Was kommt nach Macrons Einsatz der „nuklearen Option“ bei der unpopulären Rentenreform als Nächstes?

Mehrere Konsequenzen könnten folgen, wenn die französische Regierung Artikel 49.3 der Verfassung nutzt, um die Rentenreform von Präsident Emmanuel Macron am Donnerstag ohne Abstimmung in der Nationalversammlung zu verabschieden. Dazu gehören ein Misstrauensantrag gegen die Regierung, die Auflösung der Versammlung und anhaltende Straßenproteste.

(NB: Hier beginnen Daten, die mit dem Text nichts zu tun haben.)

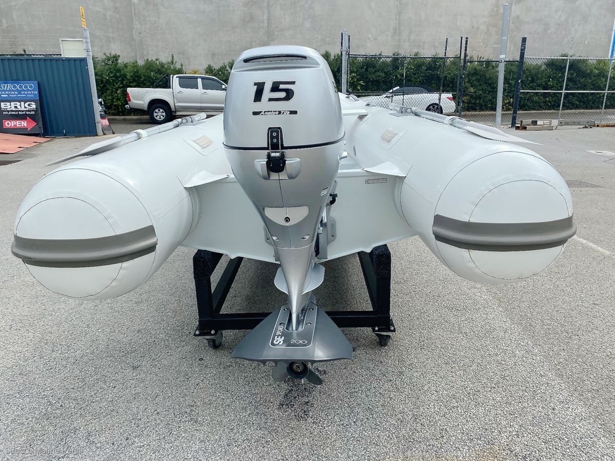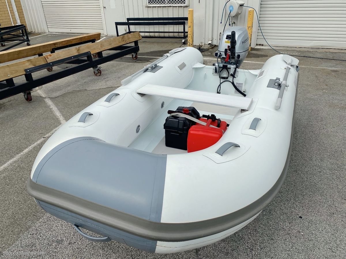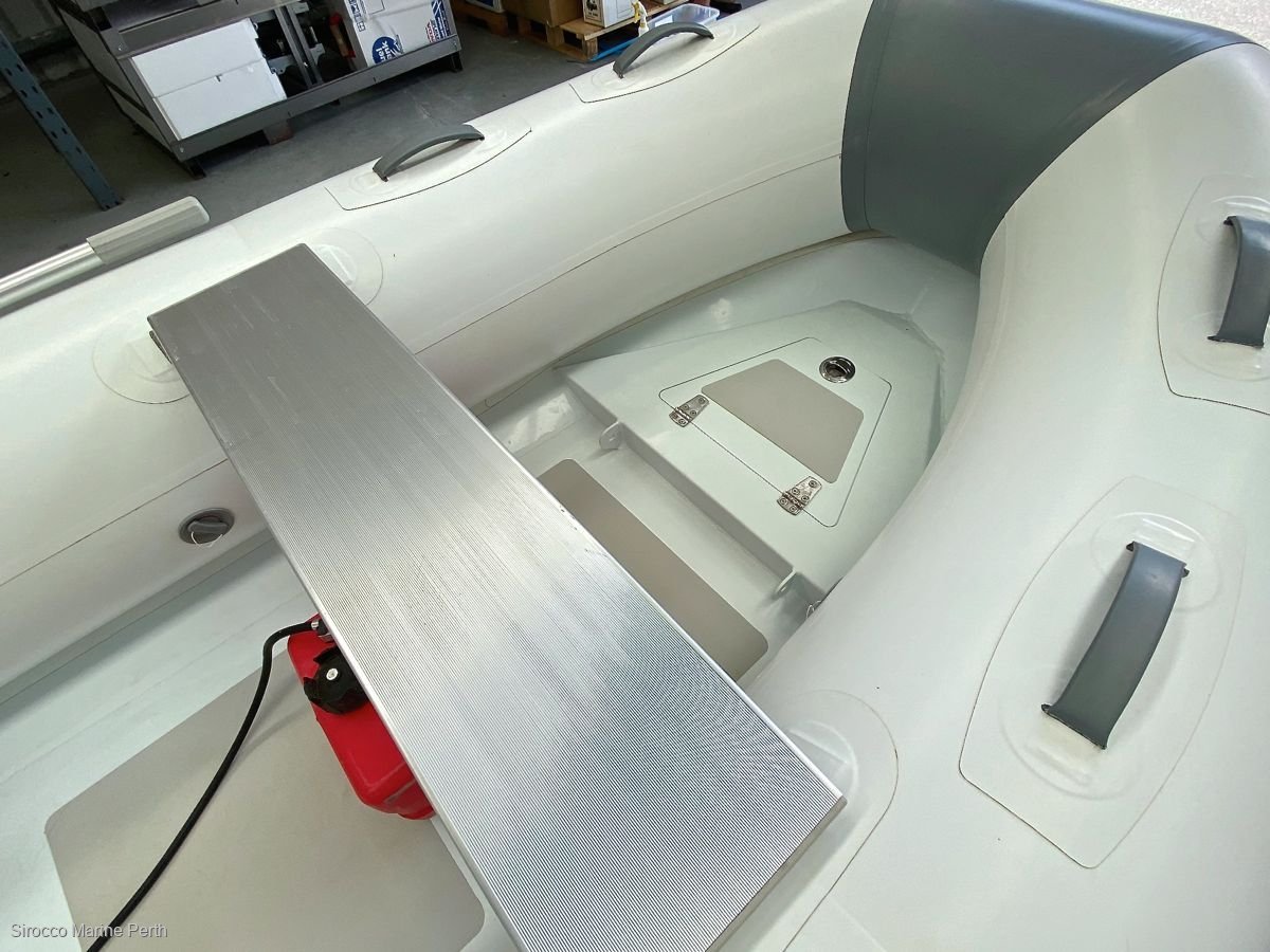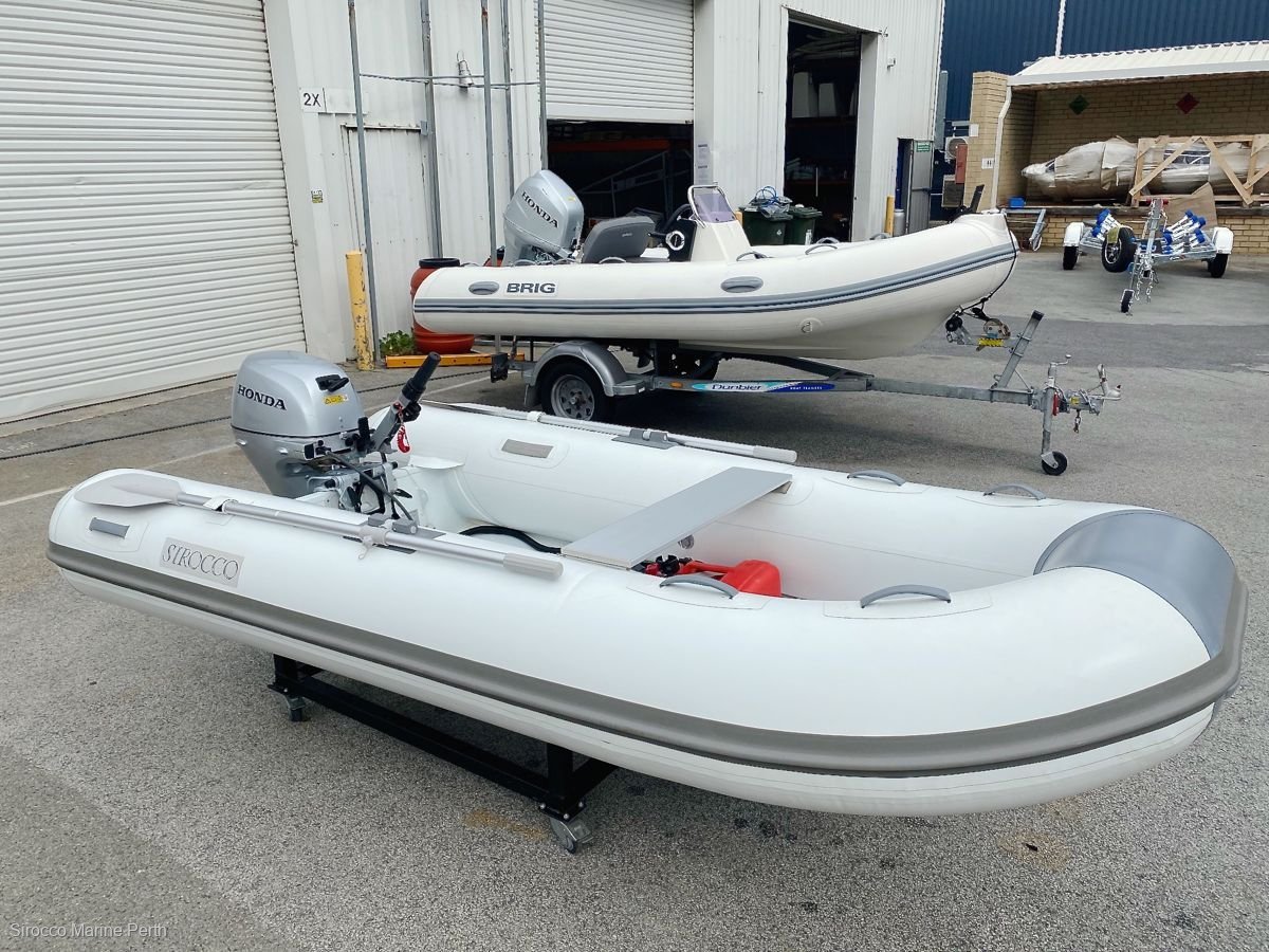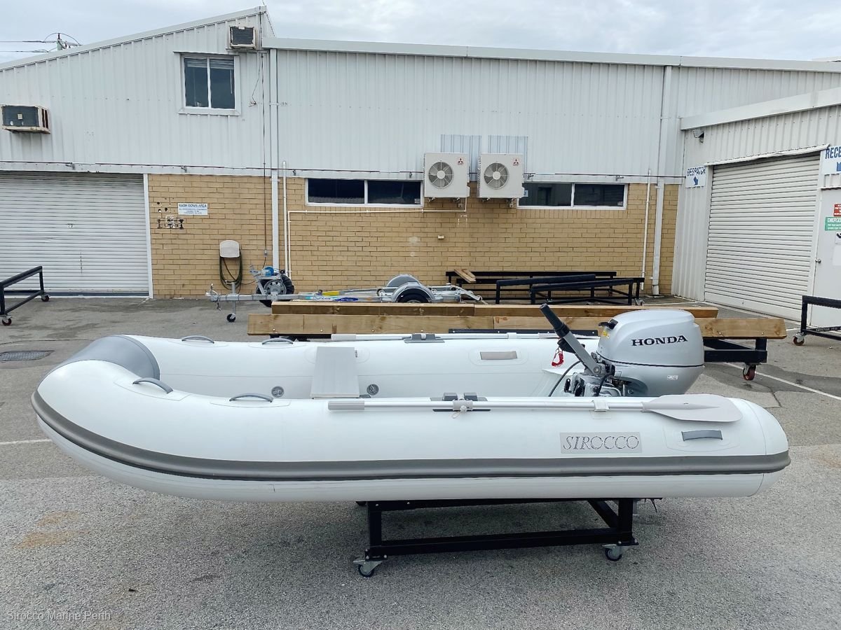 Just traded: 2018 Sirocco 3.1m alloy hull RIB with ORCA Hypalon tubes, supplied with 2019 model Honda 15hp 4-stroke electric start gas tilt outboard. Last chance to secure a 3.1 Alloy hull Sirocco RIB, we've sold out of new stock! Hull was sold new only 6 months ago. Supplied with 10L fuel tank, fuel line, SE Sport hydrofoil, battery, battery box, alloy paddle kit, 2 x alloy bench seats, high pressure foot pump, boat bag and overall cover. SIROCCO Alloy RIB tenders offer the benefits of a completely flat cockpit floor, with the weight saving and strength of an aluminium hull. Made from ORCA® Hypalon, these RIBs feature large diameter tubes, stainless steel towing eyes (tubes), welded lifting points, pinned oar row locks, extra heavy transom, bow locker and multiple buoyancy chambers. Length: 3.1mWidth: 1.55mWeight: 58kg (hull only)Max HP: 20Load Capacity: 490kgNo. Seats: 2Max Persons: 4.5------------------------------- -------------------------------------- -----------------CONTACT YOUR LOCAL DEALER, SIROCCO MARINE PERTHStewart DixonMobile: 0499 887 072Office: 08 6102 4414stewart@siroccomarineperth. Com. Auwww. Siroccomarineperth. Com. AuSirocco Marine Perth20 Mews Road (next to The Boathouse)South FremantleWestern Australia 6162
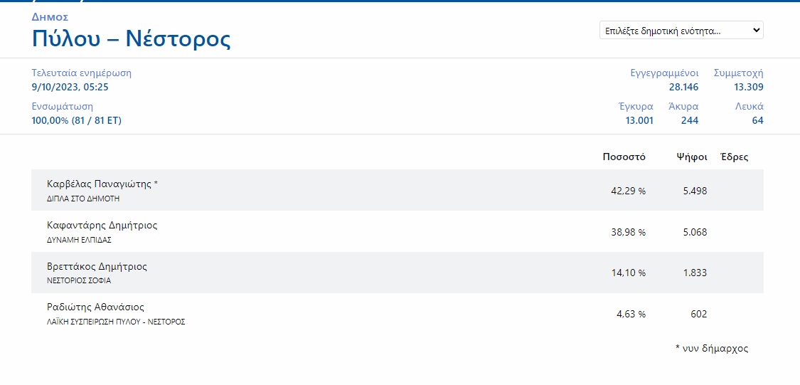 Η εκλογική αναμέτρηση για το δήμο Ποσοστό συνεχίζεται και τη δεύτερη Κυριακή, 15 Οκτωβρίου, αφού μετά από αρκετές ανατροπές ο νυν δήμαρχος Παναγιώτης Καρβέλας συγκέντρωση το 42,29% των ψήφων στο δήμο Πύλου Νέστορος.
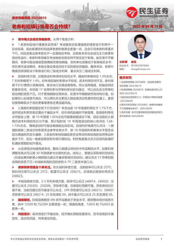 【民生证券】【20250810】债券策略周报:老券和短端行情是否会持续?-25页
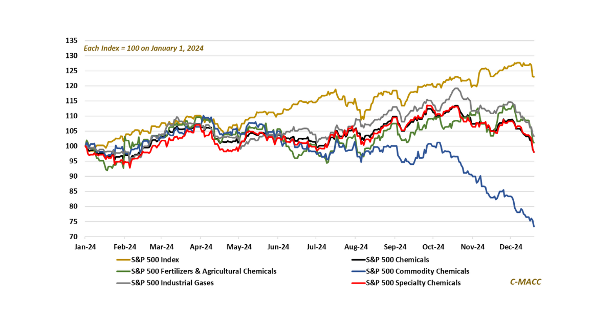 Global Market Analysis Set ‘Em Up Joe – Commodity Chemicals Fell Off the Wagon in 4Q24; Intervention Needed for A Better 2025 General Thoughts: US commodity chemical equity values slid lower in 4Q24 with market fundamentals, notably underperforming the chemicals sector and overall market in 2024 – December 20, 2024 No Comments
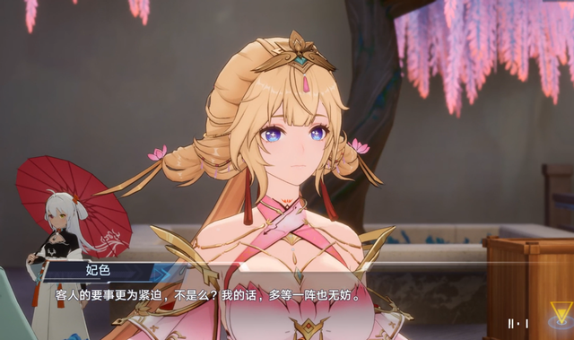 当然,还有接下来会上线的新拟态妃色,她和岚情同姐妹,却和岚风风火火的性格完全不同,妃色是姿动天下的九域第一舞姬,身穿粉色的舞裙,裙摆像花瓣一样飘逸,平时说话温声细语的,就连武器都是漂亮的莲花形状,总之在我村某人看来,妃色简直就是温柔的代名词了。在主线剧情中,我们购买的材料库存不足,妃色慷慨的把自己那一份让给了我们,还善解人意的表示自己不着急用,反正我都迫不及待想等妃色上线了。
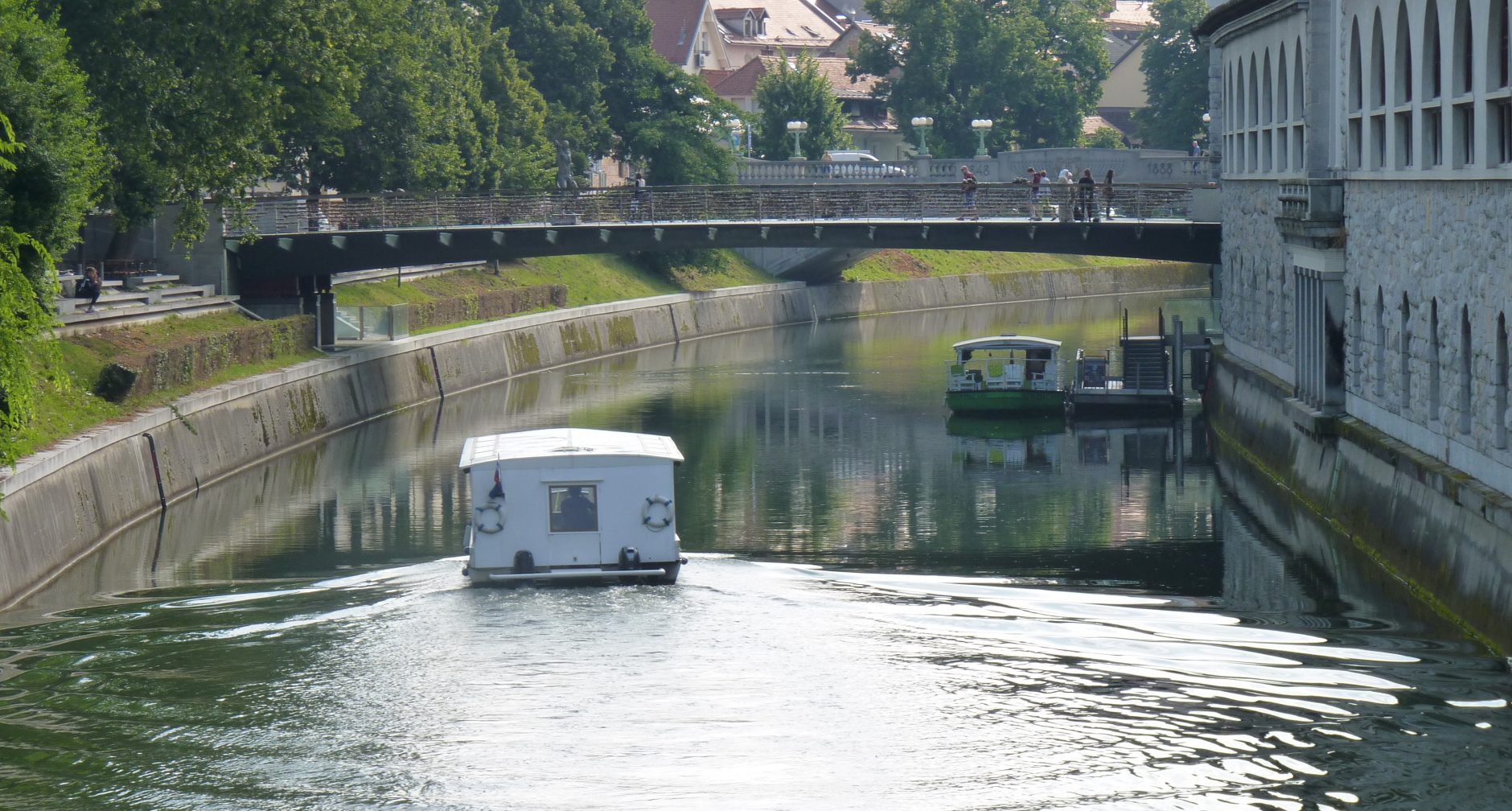 Boat on the river Ljubljanica (going downstream), Ljubljana
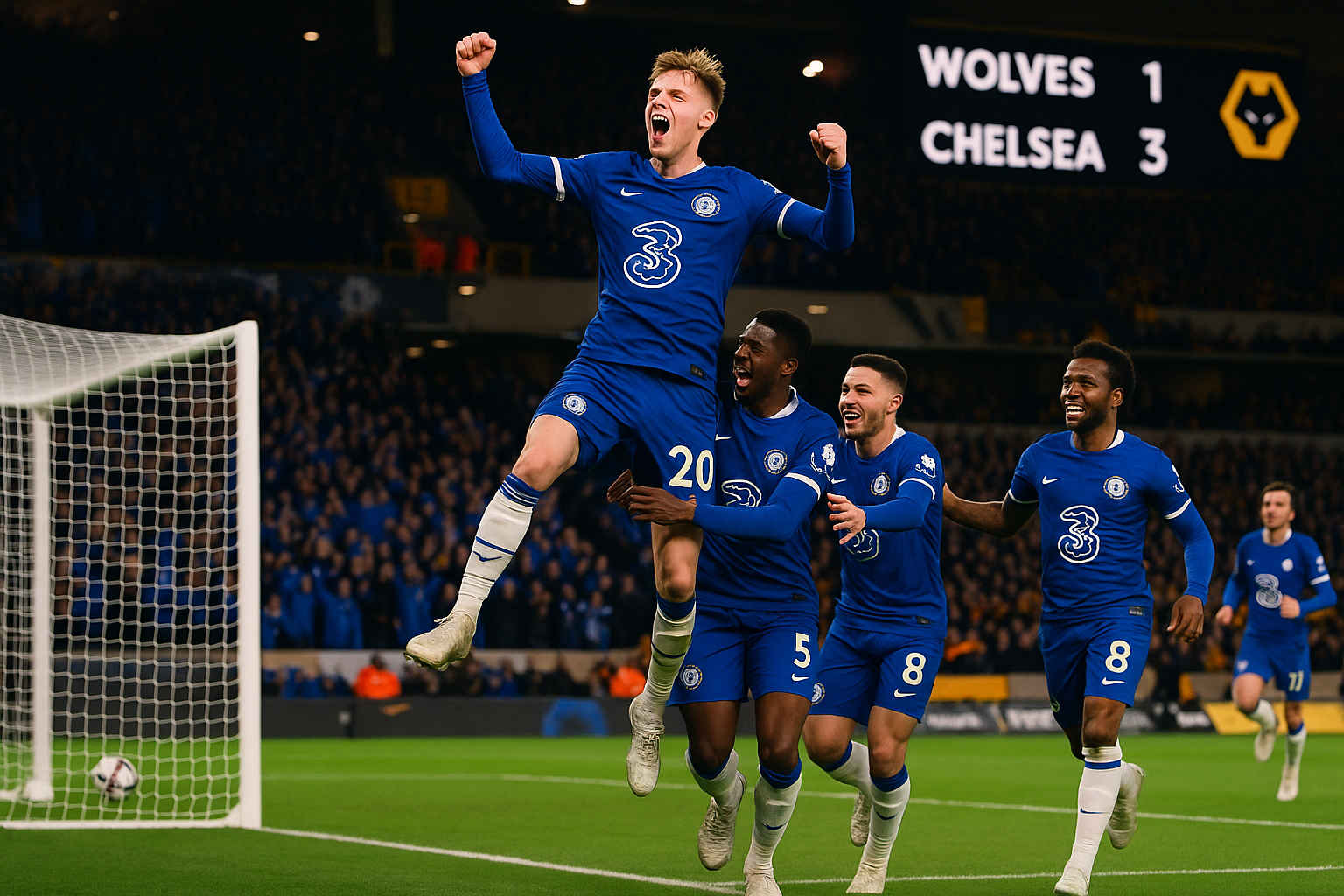 Cole Palmer mencetak hat-trick babak pertama saat Chelsea meraih kemenangan 3-1 atas Wolves yang berada di dasar klasemen di Molineux. Kemenangan ini menandai keberhasilan keempat berturut-turut Liam Rosenior di Premier League sejak mengambil alih. Gol-gol Palmer membantu Chelsea mempertahankan perjuangan kualifikasi Liga Champions.

FRANCE 24 schlüsselt die Optionen für die Opposition und den Präsidenten auf.

Nachdem sich Premierministerin Élisabeth Borne am Donnerstag auf die in Artikel 49.3 der Verfassung verankerte Befugnis berief, die es der Regierung erlaubte, Gesetzentwürfe ohne Abstimmung in der Unterhausversammlung zu verabschieden, haben die Gegner der Rentenreform noch Karten zu spielen. Sie hoffen, die Regierung vor der Verabschiedung des umstrittenen Gesetzes, das eine Anhebung des Rentenalters von 62 auf 64 vorsieht, zum Einlenken zu zwingen.

Nach den Worten eines Abgeordneten aus der Region Paris und Mitglied der linken Koalition NUPES (Neue Ökologische und Soziale Volksunion) hoffen die Abgeordneten der Opposition, „alle ihnen zur Verfügung stehenden Mittel“ einzusetzen, um die Rentenreform zunichte zu machen. Dazu gehören die Unterstützung organisierter Proteste, das Einreichen eines Misstrauensvotums gegen die Regierung, die Einleitung eines Referendums, um die Reform möglicherweise zu beenden, und die Berufung an den französischen Verfassungsrat.

Ein Misstrauensvotum gegen die Regierung

Im Gefolge von Bornes Zitat von 49,3, wie Oppositionsabgeordnete sangen Die Marseillaise, Frankreichs Nationalhymne, und hielt Plakate mit der Aufschrift “Nein!” Bis zum Rentenalter von 64 Jahren haben Abgeordnete zweier Fraktionen dem von ihr geführten Kabinett das Misstrauen ausgesprochen. Die erste kam von der LIOT-Gruppe (z Libertés, Indépendants, Outre-mer et Territoires) bestehend aus Zentristen und Gemäßigten, und die zweite kam von Marine Le Pens rechtsextremer National Rally (Rassemblement National oder RN).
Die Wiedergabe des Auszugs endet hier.